# Limit of abc-formula for a->0

1. Jul 20, 2004

### suyver

I was wondering someting that is so simple that it baffled me...

When I have the equation
$$a x^2+b x+c=0$$
this obviously has the solutions
$$x=\frac{-b\pm\sqrt{b^2-4ac}}{2a}$$

And when I have the equation
$$b x+c=0$$
this has the solution
$$x=\frac{-c}{b}$$

My problem now is the limiting case $a\rightarrow 0$ in the upper situation:
$$\lim_{a\rightarrow 0}\frac{-b\pm\sqrt{b^2-4ac}}{2a}\rightarrow -\infty\neq\frac{-c}{b}$$

So what's wrong here? Why does this limit not exist?

2. Jul 20, 2004

### Galileo

The limit does exist.

$$\frac{-b+\sqrt{b^2-4ac}}{2a}=\frac{-b+\sqrt{b^2-4ac}}{2a}\cdot \frac{-b-\sqrt{b^2-4ac}}{-b-\sqrt{b^2-4ac}}=$$
$$\frac{b^2-(b^2-4ac)}{2a(-b-\sqrt{b^2-4ac})}=\frac{2c}{-b-\sqrt{b^2-4ac}}$$

which goes to $$\frac{-c}{b}$$ when a goes to zero. The same goes for the other square root.

Last edited: Jul 20, 2004
3. Jul 20, 2004

### suyver

But for the other root, I get:

$$\frac{-b-\sqrt{b^2-4ac}}{2a}=\frac{-b-\sqrt{b^2-4ac}}{2a}\cdot \frac{-b+\sqrt{b^2-4ac}}{-b+\sqrt{b^2-4ac}}=$$

$$\frac{b^2-(b^2-4ac)}{2a(-b+\sqrt{b^2-4ac})}=\frac{2c}{-b+\sqrt{b^2-4ac}}$$

which seems ok... but I don't think it is! After all, I multiply by

$$\frac{-b+\sqrt{b^2-4ac}}{-b+\sqrt{b^2-4ac}}$$

which is $0/0$ in the case when $a\rightarrow 0$, and that's not allowed

So I don't think you can do this:

$$x=\frac{-b\pm\sqrt{b^2-4ac}}{2a} \rightarrow \frac{2c}{-b\mp \sqrt{b^2-4ac}}$$

Right?

Last edited: Jul 21, 2004
4. Jul 21, 2004

### mathman

One root goes to -c/b. The other root becomes infinite. Which is which depends on the sign of b, since the square root goes to |b| as a goes to 0.

5. Jul 22, 2004

### suyver

OK, that makes sense.

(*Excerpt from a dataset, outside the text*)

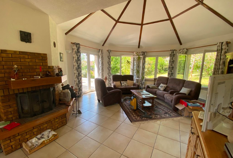 L’entrée mène à l’étage principal où la maison séduit par ses espaces de vie généreux comprenant une cuisine équipée, un salon / salle à manger convivial, ainsi qu’un grand séjour chaleureux agrémenté d’une cheminée avec insert, idéal pour créer une atmosphère cocooning..

I had originally expected that both roots would converge to -c/b, but now that I think about it, it seems clear that the fact that b can be negative (so that I cannot just say $\sqrt{b^2}=b$) will spoil this. Oh well... too bad (for what I wanted).

6. Jul 22, 2004

### Galileo

Well, since $$\frac{-b+\sqrt{b^2-4ac}}{-b+\sqrt{b^2-4ac}}$$
can only be zero when $ac=0$ this step is perfectly valid. We may assume $a\neq 0$ when calculating the limit. So that leaves $c\neq 0$ as a restriction. Although it would still be allowed when b is negative.

This expression is correct, but you have to take cases. If b is positive, then you'll find the expression with the negative sign to converge to $\frac{-c}{b}$, if b is negative the expression with the positive sign converges to $\frac{-c}{b}$